ASSIGNMENT:
For every entry, reproduce the wording exactly and omit any image it holds.

(Items listed in a dataset)
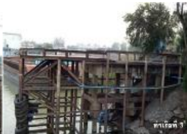
ท่าเรือที่ 3
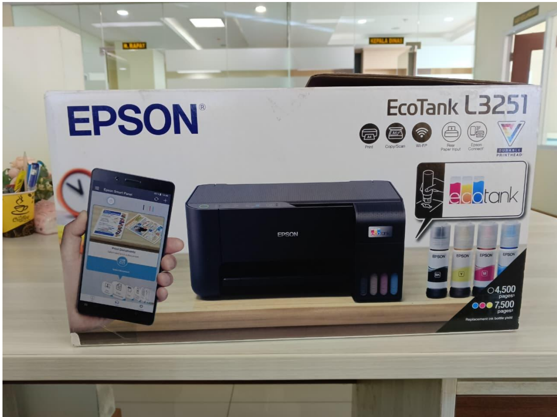
Foto Realisasi Pengadaan Printer
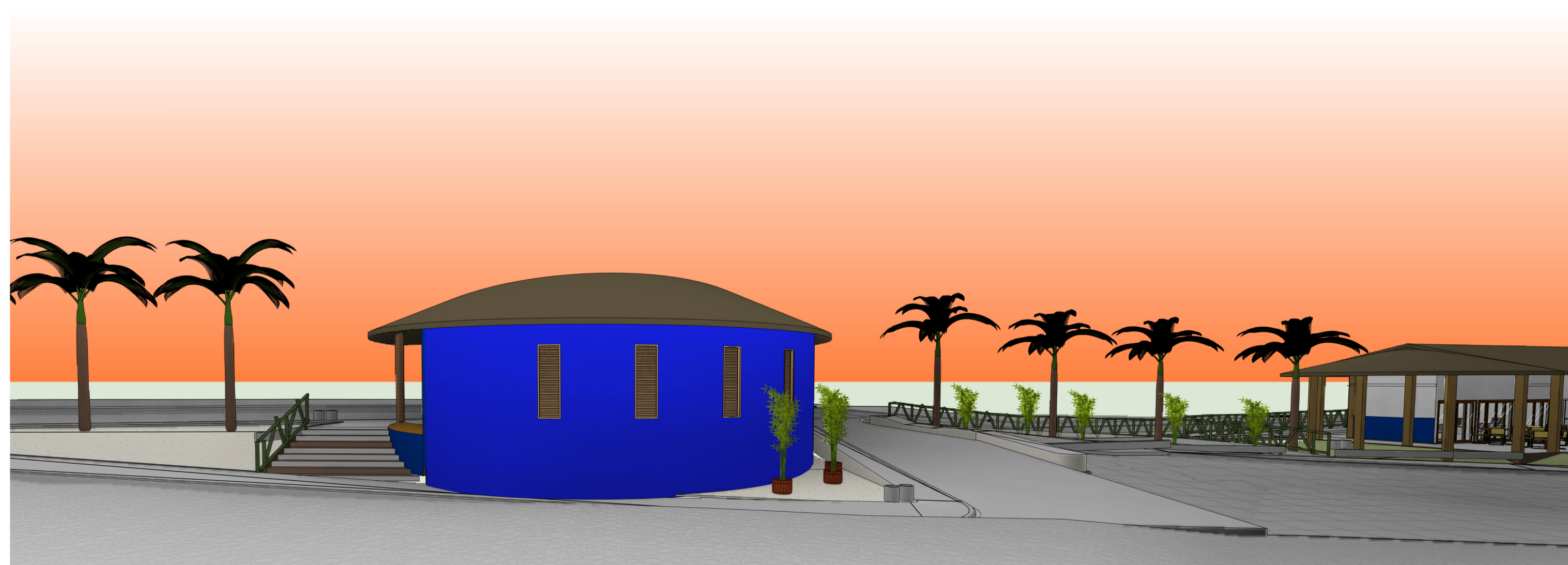
3 CENTRAL DE TURISMO FACHADA SUL
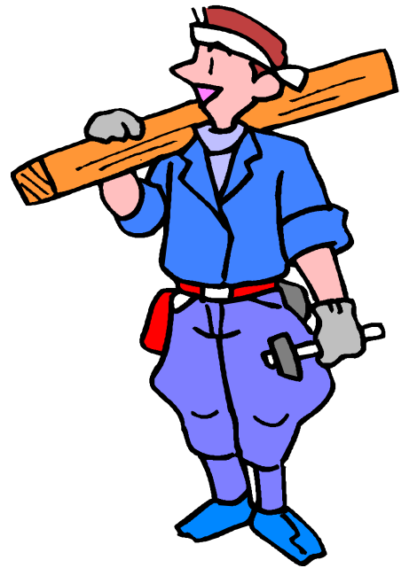
朝日町 神社社務所 新築工事
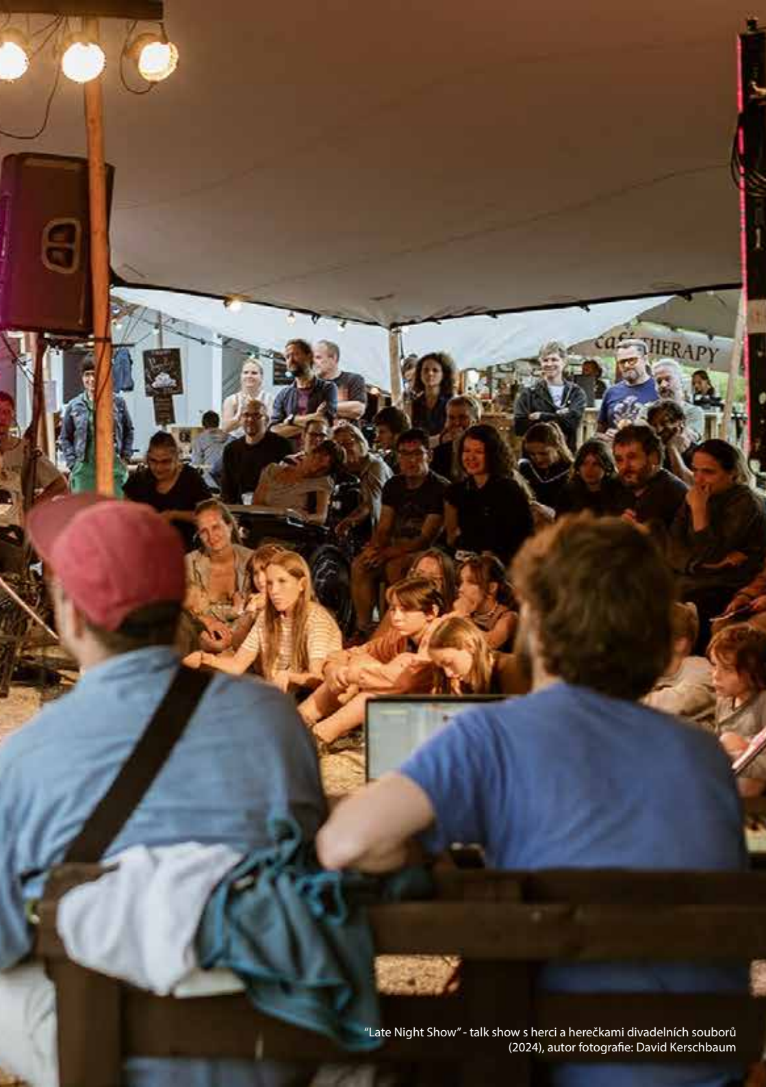
"Late Night Show" - talk show s herci a herečkami divadelních souborů (2024)

TASK RESULT:
ท่าเรือที่ 3
Foto Realisasi Pengadaan Printer
3 CENTRAL DE TURISMO FACHADA SUL
朝日町 神社社務所 新築工事
"Late Night Show" - talk show s herci a herečkami divadelních souborů (2024)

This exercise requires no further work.